Optionally, the detection unit is configured to perform the following operations: detecting the power grid frequency of the generator set; detecting a rate of change with respect to the grid frequency when the grid frequency is the first frequency or the second frequency; and if the detected change rate exceeds a preset threshold value, determining that the power grid frequency sudden change working condition exists.

Optionally, the primary frequency modulation unit includes: and the multiplication operation module is used for multiplying and expanding the frequency modulation amplitude corresponding to the primary frequency modulation of the generator set when the power grid frequency sudden change working condition is detected.

Another aspect of the embodiments of the present invention provides a method for controlling a primary frequency modulation of a generator set, including: detecting whether a power grid frequency sudden change working condition exists in the generator set, wherein the power grid frequency sudden change working condition is used for indicating that the power grid frequency is suddenly changed from a first frequency exceeding an upper limit dead zone value to a second frequency lower than a lower limit dead zone value and/or from the second frequency to the first frequency; and when the condition that the power grid frequency sudden change exists is detected, the action intensity of primary frequency modulation is enhanced.

Optionally, the detecting whether the power grid frequency sudden change working condition exists in the generator set includes: detecting the power grid frequency of the generator set; when the power grid frequency is the first frequency, detecting whether the power grid frequency of the generator set changes to the second frequency within a preset delay time period, and/or when the power grid frequency is the second frequency, detecting whether the power grid frequency of the generator set changes to the first frequency within the delay time period; and if the sudden change exists in the delay time period, determining that the power grid frequency sudden change working condition exists.

Optionally, the detecting whether the power grid frequency sudden change working condition exists in the generator set includes: detecting the power grid frequency of the generator set; detecting a rate of change with respect to the grid frequency when the grid frequency is the first frequency or the second frequency; and if the detected change rate exceeds a preset threshold value, determining that the power grid frequency sudden change working condition exists.

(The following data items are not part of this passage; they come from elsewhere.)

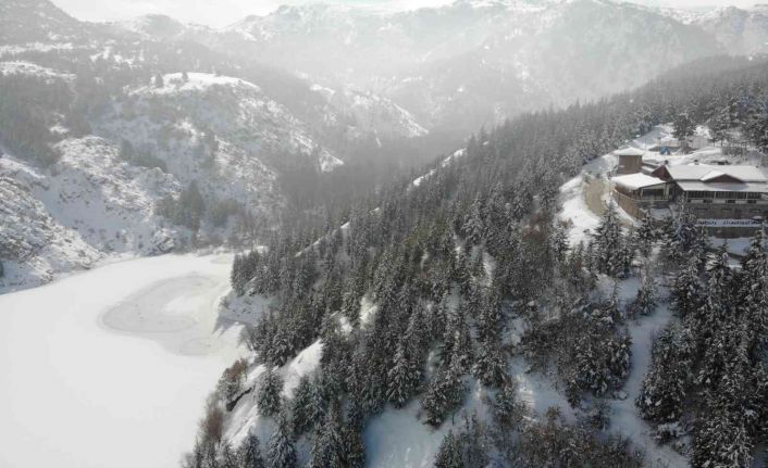 Afyonkarahisar’da yaklaşık 2 haftadan bu yana aralıklarla devam eden kar yağışı sonrası donan Erkmen Baraj Göleti ve çevresinde kar altında kalan ağaçlar adeta bir kış masalı görüntüsü oluşturdu.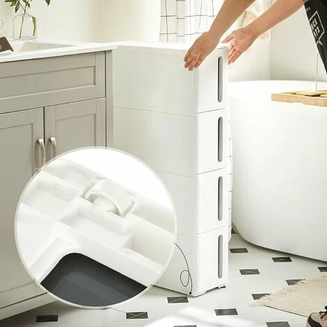 - 4 tiroirs : 4 tiroirs profonds offrent de quoi ranger jusqu’à 28L. Comparé aux étagères en bois ou en métal, celle-ci en plastique PP vous aide à dire adieu à la moisissure et à la rouille, même dans votre salle de bain !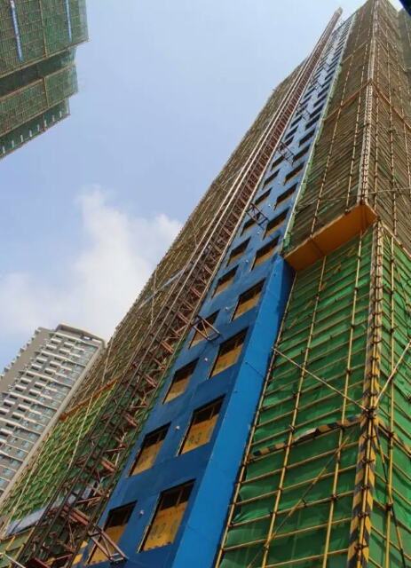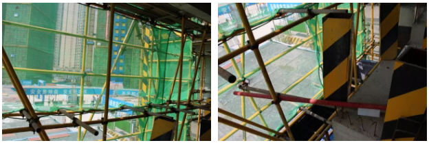 腳手架采用雙連墻桿,鋼管橫平豎直,搭設規(guī)范。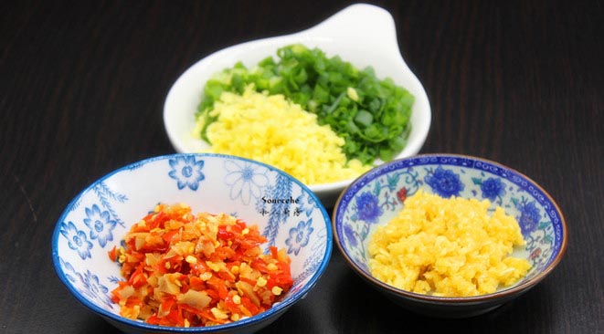 准备剁辣椒、蒜打碎、生姜切碎末、葱切好;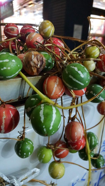 オキナワスズメウリとは、野草の一種である。 ||| 画像出典:(左)東京都薬用植物園にて筆者撮影/(右)自宅近くの花屋にて撮影 科名:ウリ科オキナワスズメウリ属 学名:Diplocyclos palmatus C. Jeffrey 原産地:インド 生態:蔓性一年草 一年生のつる性植物で、我が国では沖縄県の口之島や鹿児島県の吐噶喇列島などに野生するが、現在は各地で栽培されることが多い。我が国以外では中国南部やインド、オーストラリアに生息する。 葉は切れ込みの深い掌型で、雌雄同株。花は白色で、雄花と雌花は同一の葉腋から複数が束のように生じる。 白い縞模様のある、小さなスイカのような果実が特徴である。果実は当初緑色だが、赤熟する。 一見美味しそうに見えるが、渋みがあり、ククルビタシンという毒成分*1を含むので、食用にはできない。ただし、インドでは若い蔓を青菜として食用にする。 園芸店では「琉球オモチャ瓜」「スズメウリ・ビーチボール」の名称で流通し、グリーンカーテンの素材にする他、蔓を編んでクリスマス用のリースとする。 和名に「スズメウリ」とあるが、白い小さな球形の果実をつける野草のスズメウリ(スズメウリ属)とは別種である。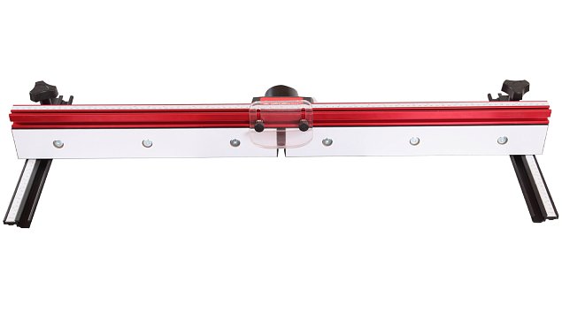 В комплекте с упором имеются направляющие с регулируемыми шкалами для точного позиционирования (для транспортировки они закреплены болтами на задней части упора). Они устанавливаются по бокам фрезерного стола длиной 800 мм (например, рабочий стол RT800 имеет параметры 800×600 мм). Но упор можно закрепить и другим способом. Для этого на нижней части основания упора сзади имеются два паза 110×10 мм каждый (расстояние между пазами - 628 мм). Кроме того, низ упора имеют шесть силиконовых накладок для плавного перемещения.

Through the technical scheme, whether a frequency sudden change working condition that the power grid frequency is suddenly changed from a first frequency exceeding an upper limit dead zone value to a second frequency lower than a lower limit dead zone value and/or from the second frequency to the first frequency exists is detected, and the action intensity of primary frequency modulation is enhanced when the power grid frequency sudden change working condition is determined to exist. Therefore, the problem of insufficient primary frequency modulation under the frequency mutation working condition can be effectively solved, and the stable operation of the power grid is guaranteed.

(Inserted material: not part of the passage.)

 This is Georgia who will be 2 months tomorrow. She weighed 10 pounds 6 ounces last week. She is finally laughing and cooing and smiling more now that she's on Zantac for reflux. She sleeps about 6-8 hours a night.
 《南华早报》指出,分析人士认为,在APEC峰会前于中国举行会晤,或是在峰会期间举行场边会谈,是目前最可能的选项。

Additional features and advantages of embodiments of the invention will be set forth in the detailed description which follows.

Drawings

The accompanying drawings, which are included to provide a further understanding of the embodiments of the invention and are incorporated in and constitute a part of this specification, illustrate embodiments of the invention and together with the description serve to explain the embodiments of the invention without limiting the embodiments of the invention. In the drawings:

FIG. 1A is a graph of primary frequency modulation frequency versus load for a 1000MW unit;

FIG. 1B is an example of a prior art primary frequency modulation load adjustment;

fig. 2 is a block diagram of a primary frequency modulation control device of a generator set according to an embodiment of the present invention;

fig. 3 is a block diagram showing a configuration of a detection unit in the primary frequency modulation control apparatus of the generator set shown in fig. 1;

fig. 4 is a block diagram showing a configuration of a detection unit in the primary frequency modulation control apparatus of the generator set shown in fig. 1;

fig. 5 is a schematic connection diagram of a primary frequency modulation control device of a generator set according to an embodiment of the invention;

fig. 6 is a flowchart of a primary frequency modulation control method of a generator set according to an embodiment of the present invention.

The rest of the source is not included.